## WHAT YOU SHOULD DO
From the entries below, retype only the lines from the one with "受講生のみなさんで釜出しをし" through the one with "Olga Sánchez Cordero, presidenta", exactly as written.

## GIVEN DATA
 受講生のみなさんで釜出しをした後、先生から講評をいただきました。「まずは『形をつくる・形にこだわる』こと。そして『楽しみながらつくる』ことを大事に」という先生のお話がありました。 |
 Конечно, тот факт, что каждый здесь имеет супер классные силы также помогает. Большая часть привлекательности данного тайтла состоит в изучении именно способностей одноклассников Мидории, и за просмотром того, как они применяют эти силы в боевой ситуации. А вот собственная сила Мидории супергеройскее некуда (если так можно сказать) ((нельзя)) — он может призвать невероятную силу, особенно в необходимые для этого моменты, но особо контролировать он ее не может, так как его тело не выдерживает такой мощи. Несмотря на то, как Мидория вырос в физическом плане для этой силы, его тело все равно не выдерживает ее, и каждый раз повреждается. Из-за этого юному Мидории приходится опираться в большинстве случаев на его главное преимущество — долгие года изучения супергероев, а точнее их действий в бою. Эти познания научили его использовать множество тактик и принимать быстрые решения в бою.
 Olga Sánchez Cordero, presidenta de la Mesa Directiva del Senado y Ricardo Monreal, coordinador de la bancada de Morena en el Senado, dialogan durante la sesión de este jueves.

--

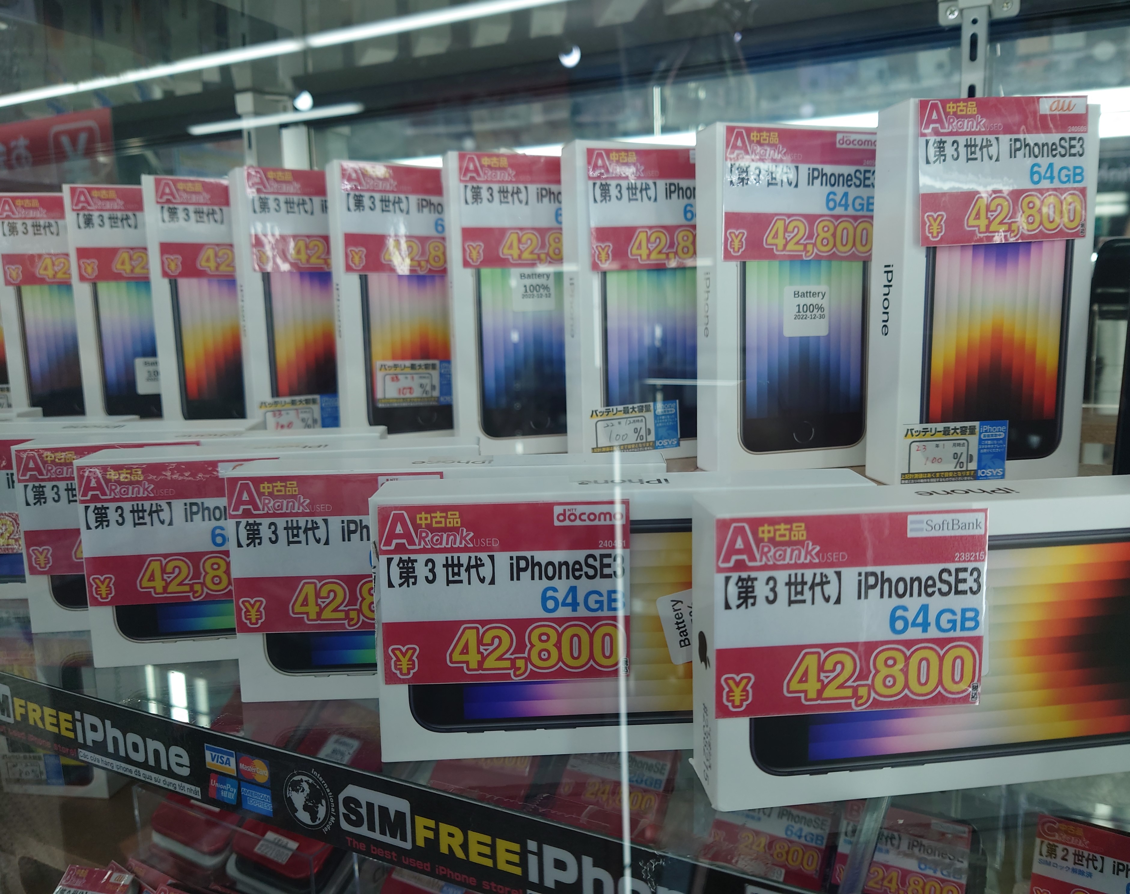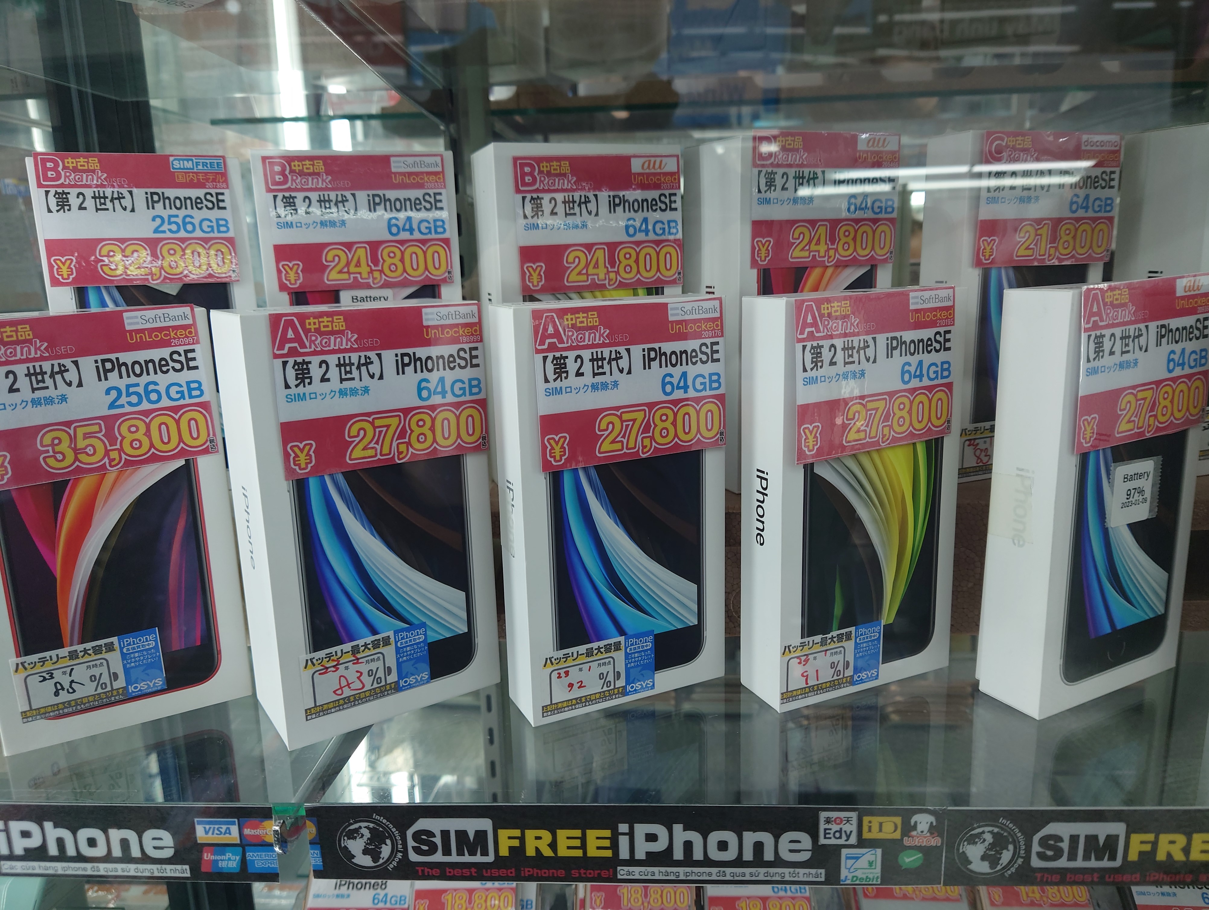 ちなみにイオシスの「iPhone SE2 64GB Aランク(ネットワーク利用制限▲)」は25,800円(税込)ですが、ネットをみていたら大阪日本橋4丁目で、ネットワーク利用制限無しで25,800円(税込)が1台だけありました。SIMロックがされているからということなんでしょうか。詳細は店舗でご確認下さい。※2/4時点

## WRITTEN ANSWER
 受講生のみなさんで釜出しをした後、先生から講評をいただきました。「まずは『形をつくる・形にこだわる』こと。そして『楽しみながらつくる』ことを大事に」という先生のお話がありました。 |
 Конечно, тот факт, что каждый здесь имеет супер классные силы также помогает. Большая часть привлекательности данного тайтла состоит в изучении именно способностей одноклассников Мидории, и за просмотром того, как они применяют эти силы в боевой ситуации. А вот собственная сила Мидории супергеройскее некуда (если так можно сказать) ((нельзя)) — он может призвать невероятную силу, особенно в необходимые для этого моменты, но особо контролировать он ее не может, так как его тело не выдерживает такой мощи. Несмотря на то, как Мидория вырос в физическом плане для этой силы, его тело все равно не выдерживает ее, и каждый раз повреждается. Из-за этого юному Мидории приходится опираться в большинстве случаев на его главное преимущество — долгие года изучения супергероев, а точнее их действий в бою. Эти познания научили его использовать множество тактик и принимать быстрые решения в бою.
 Olga Sánchez Cordero, presidenta de la Mesa Directiva del Senado y Ricardo Monreal, coordinador de la bancada de Morena en el Senado, dialogan durante la sesión de este jueves.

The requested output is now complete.